بسم الله الرحمن الرحيم
We often hear from critics that the hadith canon was written hundreds of years after the death of the Prophet (s) and therefore it is unreliable.
Muslims also utilize a similar argument when attacking the reliability of the 4 gospel accounts or Paul’s veracity – the issue being here that none of them were eye wtinesses.
Here is a simple thought experiment to see the flaw in this kind of reasoning. Suppose right now civilization were to be wiped out, but there remained a comprehensive account of WW2 written in 2020 published by Oxford University Press.
Suppose this account was found 1000 years later. Would this account be unreliable?
While we can say that it probably is not 100% accurate, the basic facts would be correct.
The fact that the account is written 70 years later is irrelevant – if anything, it may be more accurate than what was written closer to WW2, since much of that may have been politically motivated propaganda.
Let’s perform a second thought experiment; suppose 500 years after the destruction of our civilization some future historian found not a single text, but a dozen volumes in a university library on WW2.
Suppose then, that he himself wrote a history of WW2 based on secondary sources. Would we expect it to be more or less accurate?
The answer, once again, is yes.
Based on inductive reasoning, our future historian can understand that the secondary sources used primary sources and through a critical examination of the secondary sources classify the claims into certainly true, most probably true, maybe, probably not, most certainly false etc.
In fact, he may even provide new insights by comparing contradictory accounts in the secondary sources.
Compare the book that this fellow writes 500 years later to a Soviet-era propaganda pamphlet written during the war. Which would we expect to be more accurate?
In all likelihood, the guy who comes 500 years later would write a more accurate history than the information found in a contemporary propaganda pamphlet. Obviously, there may be some key information found in the propaganda pamphlet that may be useful as it is a primary source, but in terms of an overall picture, an academic secondary source is better.
Now, there is a disanalogy in all of this in that perhaps we have more confidence in today’s academic institutions than we do past scholars.
Part of this bias is justified as there are higher academic standards to adhere to and more of a paper trail to follow to original sources now than there was in the past.
But the point of the thought experiments is to show that time is not the most relevant factor in determining the reliability of sources.
Rather, what is most important is the reliability of the sources being used.
Every layer removed from the origin does present a layer of bias that needs to be considered, but this layer of bias need not in principle nor in practice be so thick as to render us hopeless.
Neither is it so thin as to be irrelevant, as most Muslim orthodoxies would have us believe.

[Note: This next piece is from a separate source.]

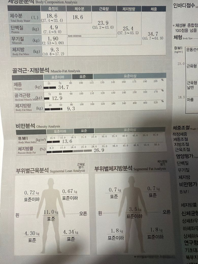인바디 결과와 현재 겪고 계신 증상들을 보니 고생이 많으실 것 같습니다. 대사 회복이 필요합니다. 현재 질문자님 신체조성은 BMI 13.6으로 마른 수준을 넘어 몸이 스스로 갉아먹고 있는 상황입니다.

Rather, the balance is in the middle – yes, there are biases, and there are problems in the sources, and most importantly – there are clear political and theological biases present in the scholars themselves.
But the mere fact that something is written 200 or 300 or even 500 years after the fact is not really the biggest concern. This is especially true when we know that these scholars were often relying on earlier sources no longer extant to us.
We also cannot take for granted that all of these earlier sources were perfectly transmitted to us without bias, but we can say that if a scholar was renowned by his peers and wrote a particularly influential work, the majority of the work should be taken to accurately represent previous sources unless a bias can be shown in particularly sensitive theological issues.
Rather, the biggest concerns often are with the political and theological biases which have been present since the dawn of Islam.
This ultimately is what requires one to look at a wide range of sources and compare the various claims of all the different theological camps.